**GIVEN INFORMATION**
- Opening Delimiter -

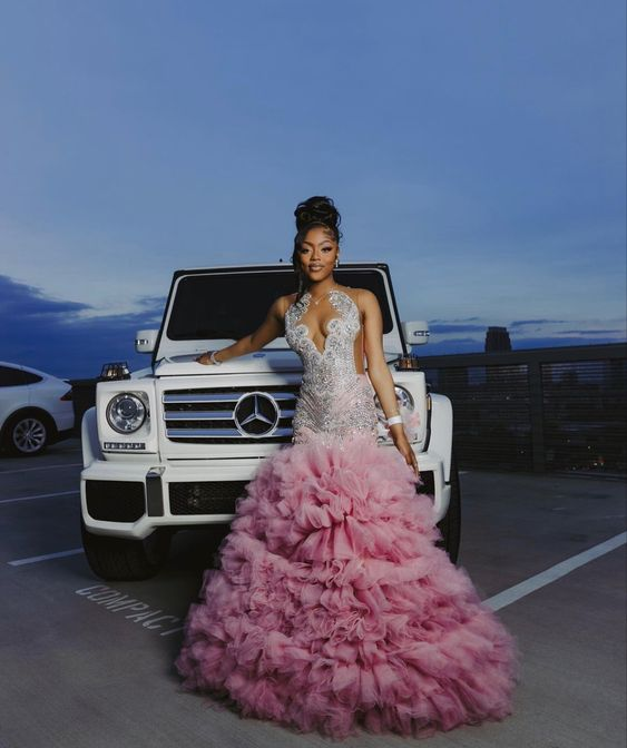 Beautiful Pink Beaded Mermaid Prom Dress Long Evening Dress HZ1023
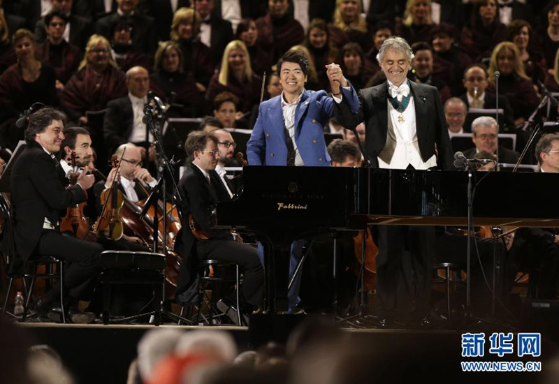 4月30日,在意大利米兰大教堂前的多莫广场举行的2015米兰世博会开幕晚会上,中国钢琴家郎朗(左)与意大利男高音歌唱家安德烈·波切利在演出后向观众致意。新华社记者叶平凡摄
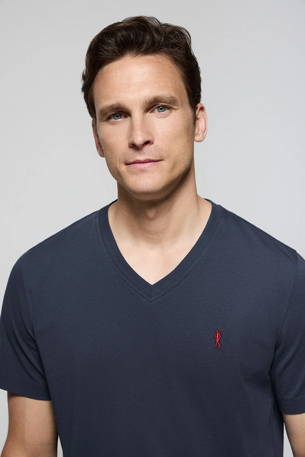 Camiseta azul marino de cuello de pico y manga corta con bordado Rigby Go
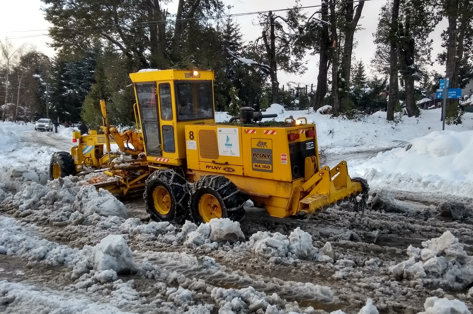 Sobre la limpieza de nieve de las calles, se informa que este jueves también llegarán maquinas viales de Junín y San Martin, disponiendo entonces de 8 máquinas operativas.

- Closing Delimiter -

**ABOUT THIS TASK**
Start at the first line and set down all of the data exactly, passing over the pictures.

**RESPONSE TO THIS EXERCISE**
 Beautiful Pink Beaded Mermaid Prom Dress Long Evening Dress HZ1023
 4月30日,在意大利米兰大教堂前的多莫广场举行的2015米兰世博会开幕晚会上,中国钢琴家郎朗(左)与意大利男高音歌唱家安德烈·波切利在演出后向观众致意。新华社记者叶平凡摄
 Camiseta azul marino de cuello de pico y manga corta con bordado Rigby Go
 Sobre la limpieza de nieve de las calles, se informa que este jueves también llegarán maquinas viales de Junín y San Martin, disponiendo entonces de 8 máquinas operativas.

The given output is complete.